Another item that I have, complicating this whole mess:

i have had a white tongue for quite some time now. That's why I added a nystatin rinse and diflucan, followed by itraconazole for a period of time, - to treat yeast. They didn't make a difference. Coincidentally (or not), during these treatments is when my neuropathy surfaced, and for a while I attributed those symptoms to the medications, as many of the 'azole' medications, especially itraconazole, have been linked to peripheral neuropathy. I'm still thinking those medications could have caused some PN, which is being exacerbated by my bart treatment... I really don't know, and neither does my llmd.

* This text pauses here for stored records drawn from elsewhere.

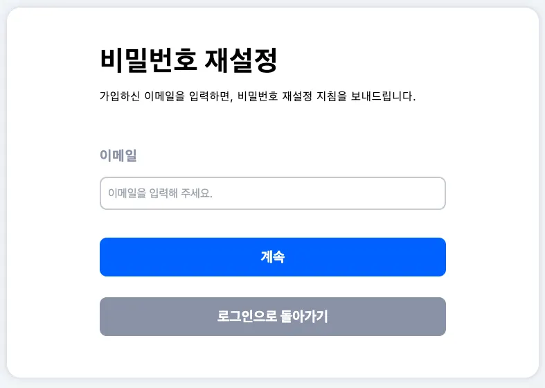 비밀번호 재설정 페이지에서, 비밀번호를 변경하고 싶은 메일의 주소를 입력 후 계속 버튼을 눌러주세요. 그러면 비밀번호 재설정 메일이 입력하신 주소로 전송돼요.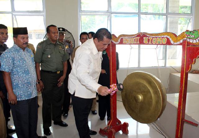 Bupati Inhu H Yopi Arianto, SE memukul gong tanda dicanangkannya Pasir Penyu sebagai Kecamatan Layak Anak.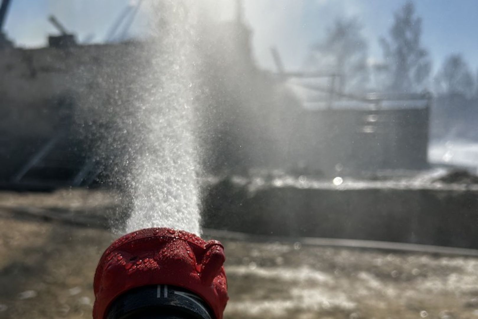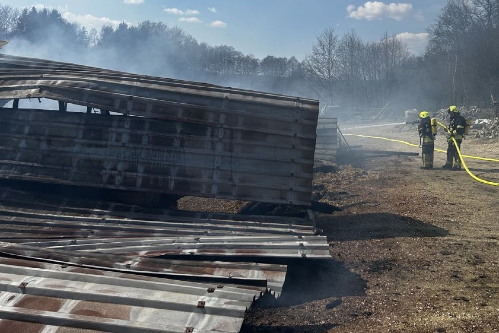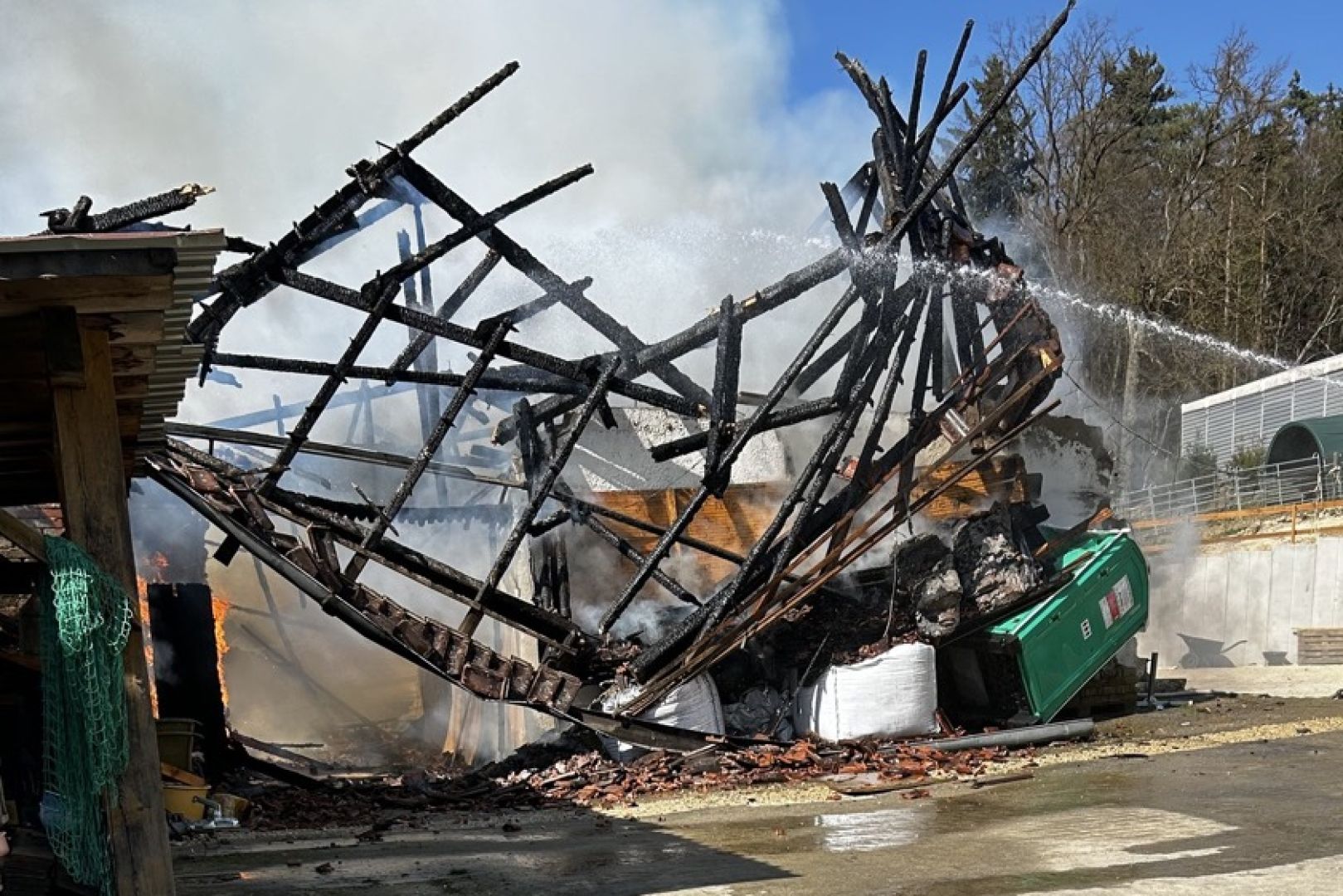 "Bereits auf der Anfahrt war die schwarze Rauchsäule deutlich zu erkennen und die Atemschutz-Trupps rüsteten sich aus",  erklärt die Feuerwehr aus Train. "Beim Eintreffen an der Einsatzstelle stand die Scheune bereits im Vollbrand, sodass unsere Atemschutzgeräte-Träger unmittelbar nach Aufbau der Wasser-Versorgung bei dem Lösch-Angriff unterstützten." Zur Sicherstellung der Versorgung seien teils lange Schlauch-Strecken erforderlich gewesen, um Löschwasser aus der Abens zum Brandort zu pumpen.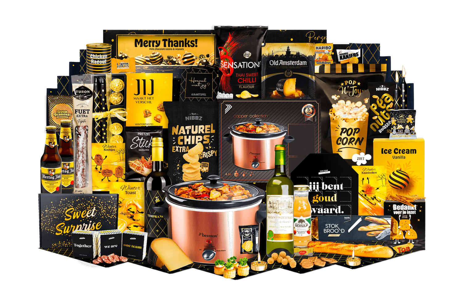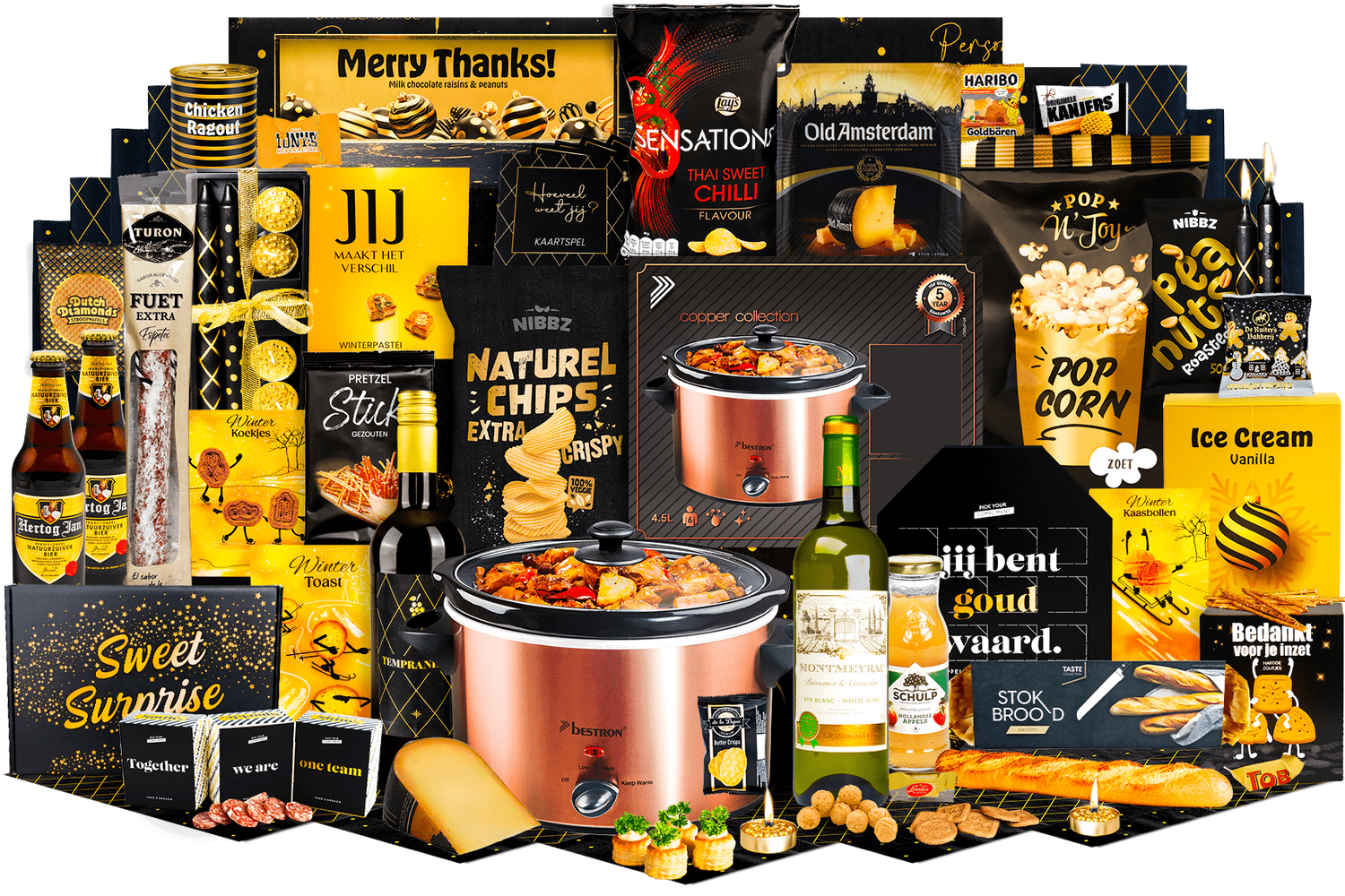 Geurige Stoofmomenten. Alles voor gezellige, smaakvolle stoofavonden in één cadeaupakket. Inclusief slowcooker, dranken en een ruime selectie hartig en zoet.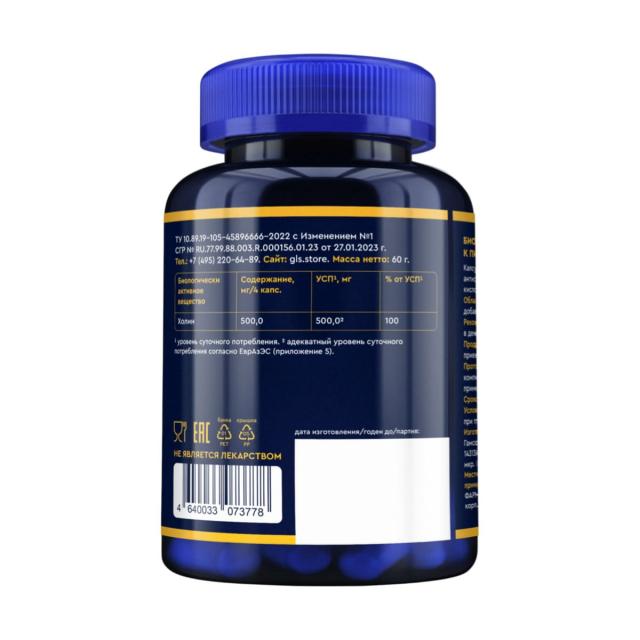 Биологически активная добавка к пище «Холин GLS», 120 капсул (капсулы по 400 мг).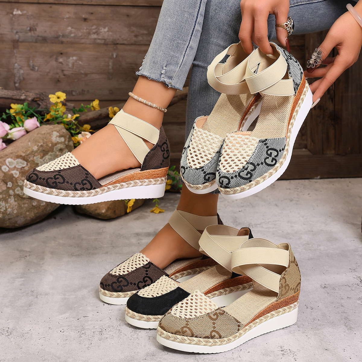 跨境亚马逊时尚女凉鞋 新款包头坡跟凉鞋 厚底防水台草编麻绳凉鞋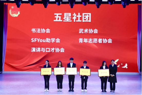随后,与会领导分别为优秀共青团荣誉榜、芙蓉学子、五四红旗团支部、国家奖学金、五星社团、太阳城娱乐杰出青年的获奖者颁奖。各奖项获奖代表彭楷程、罗梓成、欧涵、艾悦心、谭慧鸿、王嘉妍同学依次发表获奖感言。

My llmd has been aware of this tongue issue, and suggests that it's not yeast, but I am struggling to find another cause. Not much more info available on here, aside from Candida and maybe some other misc. bacteria. I scrape a significant film off of it regularly, but the white color remains. I took sacroB for a while, and recently switched to a caprillic acid based supplement to see if that makes a difference. Still on nystatin and regularly take probiotics. I have read that yeast can exacerbate, and even cause symptoms, including PN, by dumping toxins into the body. Might look into some oil pulling to see if that can help clear things up.

might look into mold as well...


Please update us if you start treating mold or find out you have ongoing exposure. Your symptoms sound similar to mine. I have Bart, among other things, and have experienced a wide range of bizarre skin sensations over the years. I also have mycotoxins from mold.

PNWBoarder
New Member


Date Joined Nov 2017
Total Posts : 17
   Posted 11/15/2017 3:59 PM (GMT -6)   
Will do. I'm hesitant to do the mold testing just because of the price involved. My house doesn't have water damage. However, the building I work in had an enclosure remediation done some years ago for water intrusion issues... perhaps there's still some issues lingering in the building. I am generally worse at work than I am everywhere else.

abenamou
Regular Member


Date Joined Mar 2017
Total Posts : 20
   Posted 11/16/2017 4:55 PM (GMT -6)   
Our LLMD has said the exposure doesn't have to be current, and strongly encourages the test (Realtime labs) for all patients. Its not cheap but unfortunately, but probably good to rule things in/out.

JasonSinis
Regular Member


Date Joined Jul 2017
Total Posts : 99
   Posted 11/17/2017 9:38 AM (GMT -6)   
This is an interesting conversation.

Several things that I can relate to.

1. My symptoms almost always stop every evening around 5pm.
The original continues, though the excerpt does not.